In connection with our opinions expressed below, we have assumed that, at or prior to the time of the issuance of any such Shares, the authorization to issue the Shares pursuant to the Plans will not have been modified or rescinded by the Board of Directors of Oncolytics and there will not have occurred any change in law affecting the validity or enforceability of such issuance of Shares. We have also assumed that neither the issuance of the Shares, nor the compliance by Oncolytics with the terms of the Plans, will violate any applicable federal, provincial or state law or will result in a violation of any provision of any instrument or agreement then binding upon Oncolytics or any restriction imposed by any court or governmental body having jurisdiction over Oncolytics.
 
The opinions expressed herein are limited to the laws of the Province of Alberta and the federal laws of Canada applicable therein (the “Applicable Law”).
 
Based upon and subject to the foregoing, we are of the opinion that the Shares, when issued (i) upon the exercise of options in accordance with the terms of the Option Plan and any relevant agreements thereunder and upon payment of the consideration provided therein to the Company; and (ii) upon the due vesting of the Share Awards in accordance with the terms of the Incentive Share Award Plan and any relevant agreements thereunder; will be validly issued as fully paid and non-assessable common shares of the Company.
 
We hereby consent to the filing of this opinion with the Commission as an exhibit to the Registration Statement.
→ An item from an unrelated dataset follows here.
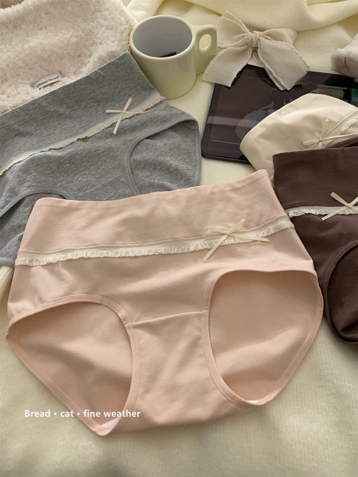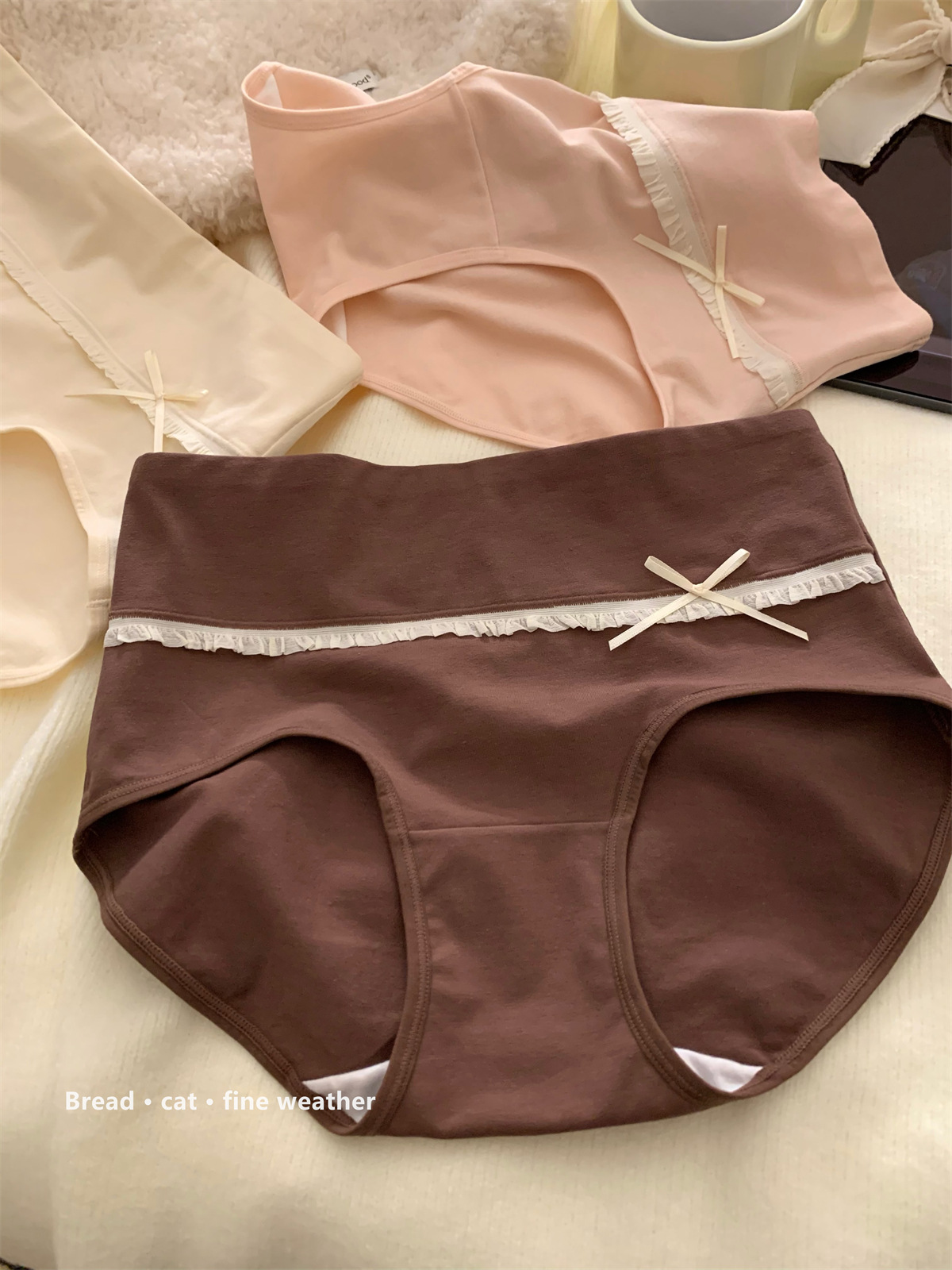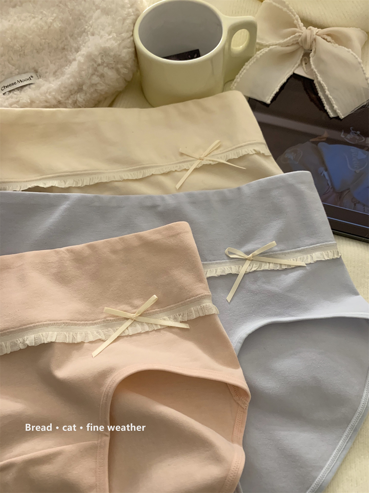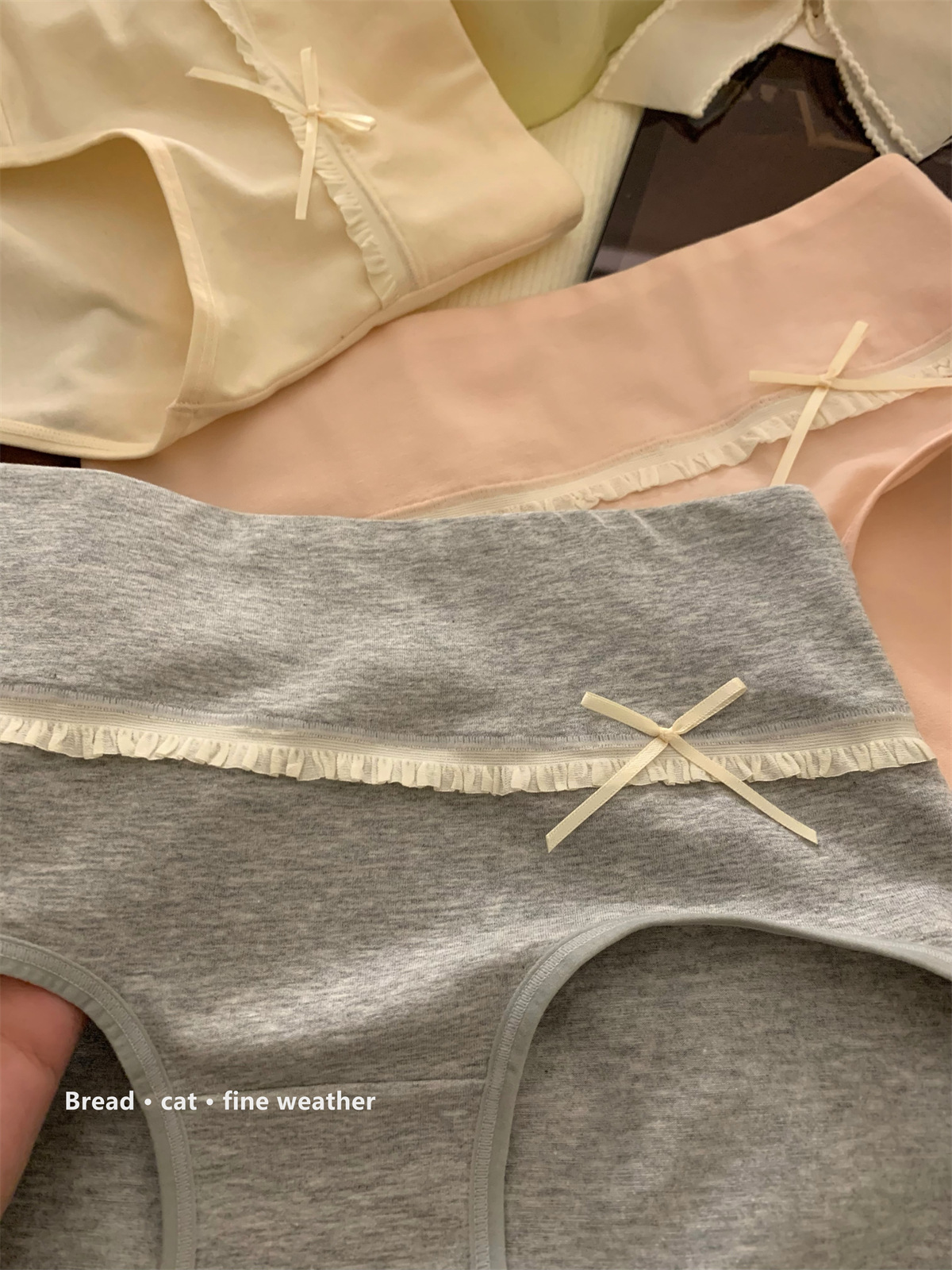 “满眼月光芭蕾”10A抗菌纯棉高腰内裤女生甜美花边蝴蝶结加长裆

In giving this consent, we do not thereby admit that we are in the category of persons whose consent is required under the Securities Act or the rules and regulations promulgated thereunder. This opinion is expressed as of the date hereof unless otherwise expressly stated, and we disclaim any undertaking to advise you of any subsequent changes of the facts stated or assumed herein or any subsequent changes in Applicable Law.